Usage

CCC-GPU provides a simple API identical to the original CCC implementation, with GPU acceleration for improved performance on large datasets.

Basic Usage

import numpy as np
# New CCC-GPU implementation import
from ccc.coef.impl_gpu import ccc
# Original CCC implementation import (for comparison)
# from ccc.coef.impl import ccc

# Generate sample data
np.random.seed(0)
x = np.random.randn(1000)
y = x**2 + np.random.randn(1000) * 0.1  # Non-linear relationship

# Compute CCC coefficient
correlation = ccc(x, y)
print(f"CCC coefficient: {correlation:.3f}")

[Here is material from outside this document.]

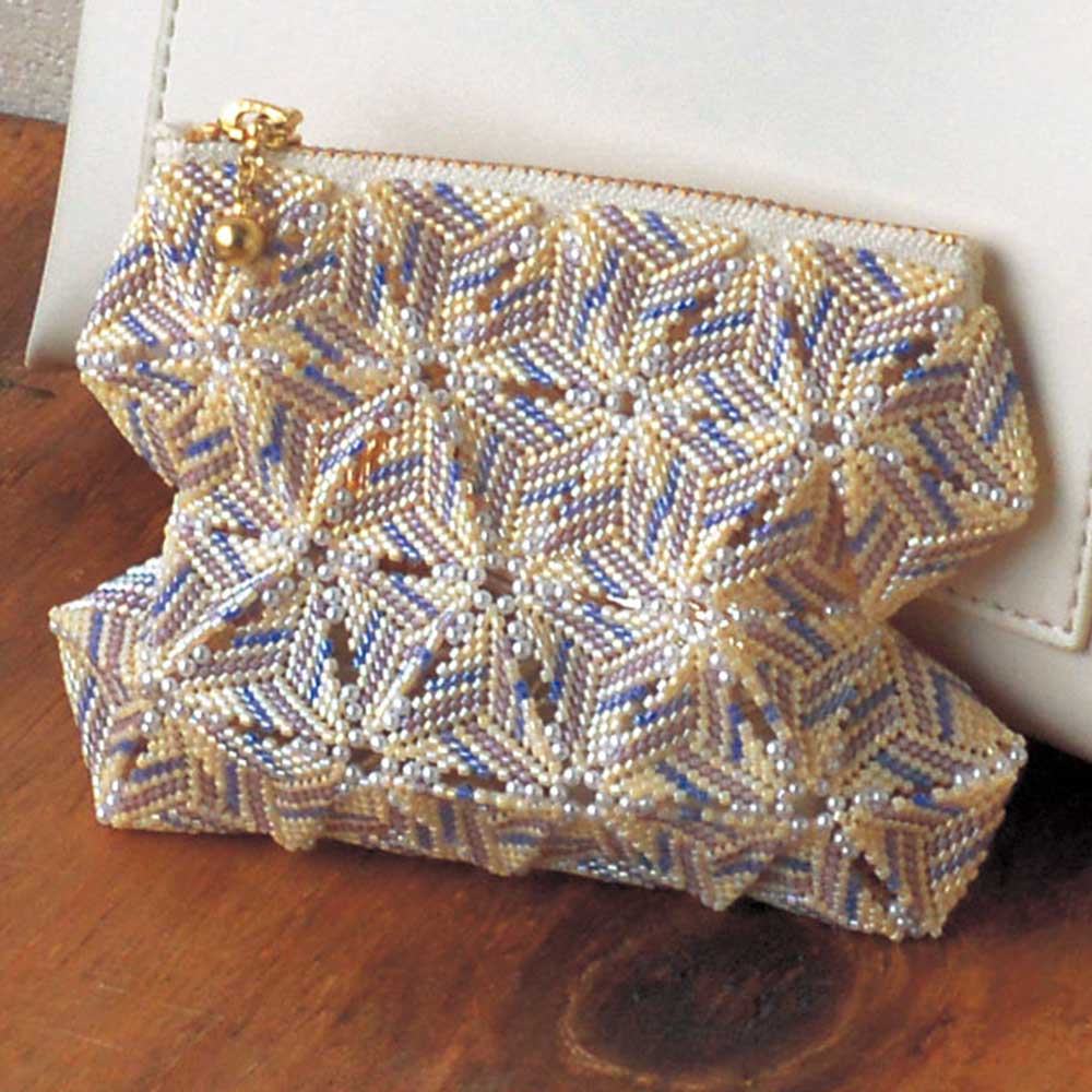 【キット作り方つき】丁寧にビーズステッチで編み仕立てる手仕事の温かみと、デリカビーズの繊細さが魅力のポーチ。ペヨーテステッチで三角形のパーツを作り、パールを通しながらパーツをつなげ、ポーチに仕立てます。ポーチの左右が絞られたユニークな形。ファスナー付けはビーズの穴を利用して縫い付けるので比較的簡単です。

Comparing CPU and GPU Implementations

import numpy as np
from ccc.coef.impl_gpu import ccc as ccc_gpu
from ccc.coef.impl import ccc as ccc_cpu

# Generate random data
np.random.seed(42)
random_feature1 = np.random.rand(1000)
random_feature2 = np.random.rand(1000)

# Compute using both implementations
ccc_value_cpu = ccc_cpu(random_feature1, random_feature2)
ccc_value_gpu = ccc_gpu(random_feature1, random_feature2)

print(f"CPU result: {ccc_value_cpu:.6f}")
print(f"GPU result: {ccc_value_gpu:.6f}")

# Results should be nearly identical
assert np.allclose(ccc_value_cpu, ccc_value_gpu, rtol=1e-5)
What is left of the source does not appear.